毎週インド人エンジニアさんを面接して思うこと【株式会社INDIGITAL 大久保 維人 氏】

大久保 維人 氏 | 株式会社INDIGITAL

筑波大学在学中から、フリーランスとして国内外のWebシステム開発を経験。幅広い分野におけるプロダクト開発、特に0->1フェーズでのヒアリングや要件定義を含めた新規開発案件を行う。プログラミングのメンター実績は100人超。シンガポールのハッカソン「Junction x Singapore Hackthon 2019」のセキュリティトラックでの受賞歴、サウジアラビアの世界最大のハッカソン「Haji Hackathon」へ参加しギネス記録保持者に。現在は、CTOとしてオンラインクロスボーダーをベースとした世界、人とつながりチームとなること。を目標に、インド人エンジニアと日本企業の橋渡しをするべくマネジメントから開発までを行っている。

皆さま、こんにちは。INDIGITAL CTO 大久保と申します。
INDIGITALは、「変わることにワクワクできる社会を」というヴィジョンを掲げ、インド企業やインド人エンジニアとの協業を通して、日本企業がデジタル化、グローバル化を推進できるようになるために伴走支援する企業です。
今回は、インド人エンジニアのマネジメント奮闘記、第5回目の記事です。

最近私はインド人エンジニアさんの採用のために、ほぼ毎日インド人の候補者の方達と面接を行っています。
第5回目では、そんなインド人エンジニアさんの採用のアレコレを、実体験をベースに書いていきたいと思います。

インドでの採用は玉石混交だけれど、やっぱり面白い

毎日インド人エンジニアさんの面接をしていてまず思うのは、本当に玉石混淆です。どれほど玉石混淆なのか平たく言うと、


という感じです。こちらは以前CEOの田中がツイートしたものでして、まさにこれだなぁと思っています。一言で言うと、「カオス」です。

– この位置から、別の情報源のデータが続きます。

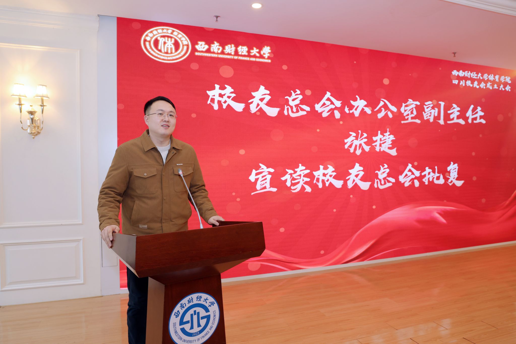 张捷宣读学校校友总会批复,为完美体育在线(中国)唯一官方网站四川校友会授牌,向完美体育在线(中国)唯一官方网站四川校友会的成立致以热烈祝贺。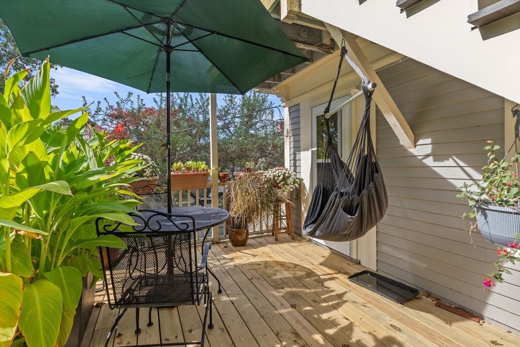 Iconic Queen Ann Victorian, converted into condos in 1995, has commanding views of Rockport Village and Sandy Bay. This second level unit features large oversized windows offering tons of natural light, beautiful wood flooring, original period details and soaring ceilings. The kitchen has been recently renovated with wood countertops and new stainless steel appliances and has a room for a breakfast bar or small table. The living room has wonderful natural lighting and beautiful hardwood floors. The bedroom is very spacious with a sizable closet. The full bath has been updated with a tiled bath and floor. This unit has its own private deck and access to a common third floor roof top deck with seasonal distant water views. The property is on a sizable lot with lots of yard space for relaxing or gardens. The exterior garden shed is shared by the association.Parking for 1 cars. You cannot beat the location! Only 1/2 mile to Rockport Village shops, restaurants & beaches. Don't miss out!

さらに、面接まで到達しても、口頭での質疑応答では優秀なのかそうでないのかが結局わからないことが多いです。インド人はとにかく喋り倒す方が多いので、こちらのコミュニケーション能力が常に問われます。
最近は、コーディングテストへのアプローチ方法を直接観察しておおむねの実力をみるほうがいいような気がしています。
とはいえ、色々な背景を持ったインド人エンジニアさんと話をするのは面白く、日々刺激を受けています。

面接で感じたコツ

以下、面接で感じたコツのようなものを列挙していきます。

1. 自己紹介のパートで、自分の転職の理由を含められる人はモチベーションが高いです。
「試しに受けてみるか〜。給与上がったら万歳!」みたいなモチベーションの人と、
真面目に転職目指してる人は自己紹介のタイミングでなんとなくわかります。キーとなる質問は「What is your motivation for changing jobs?」です。これに対する回答が明確に言える人は転職を真剣に希望している人です。ここが曖昧な人はその他のテストでも微妙な結果になることが多いです。うーん。当たり前ですね。

2. 面接の前でもモチベーションがわかります。
面接の5分前にZoomに入っていたら素晴らしい。オンタイムでおお!優秀。当日の朝・昼・時間ちょうどにリマインドして参加でまぁ普通。あとは何回リマインドとコールしてもリスケする、絶対リスケ勢がいます(笑)。
時間感覚がゆるいインド人が多い故に、時間に厳しい人は優秀である割合が高いです。面接前のメッセージへのレスポンスが早い人もいいですね。

3. 面接全体で話が整理されている人は優秀です。
自己紹介のストーリーが整理されていることに加え、転職を希望する理由も明確に伝えられる人は、リアルタイムのコーディング試験でもおおむね優秀な結果を収めます。結局、脳内が整理されていて、端的にわかりやすく話せる人が優秀と結論づけることができます。そりゃそうだ。
1を聞いたら100を答える人が多い中、1対1で的確なQ&Aができたら一緒に働くことができるなと判断しています。

今回のまとめ

インドでのエンジニア採用では何が起きるかわかりませんし、面接官側の実力も問われます。やはりどの国にも共通して、採用というのはとてもハードですね。世界規模においても永遠の課題なのではと感じます。

ただ一つ言えることは、インド人はおおらかで人が良いので、採用面接も気負い過ぎなくていいのは最高です。

今回は、インド人エンジニアさんの採用のアレコレを実体験を基にまとめてみました。採用アレコレシリーズは、ぜひ定期的に書いて行きたいですね。
それでは、次回からの「インド人エンジニアのマネジメント奮闘記」もお楽しみに!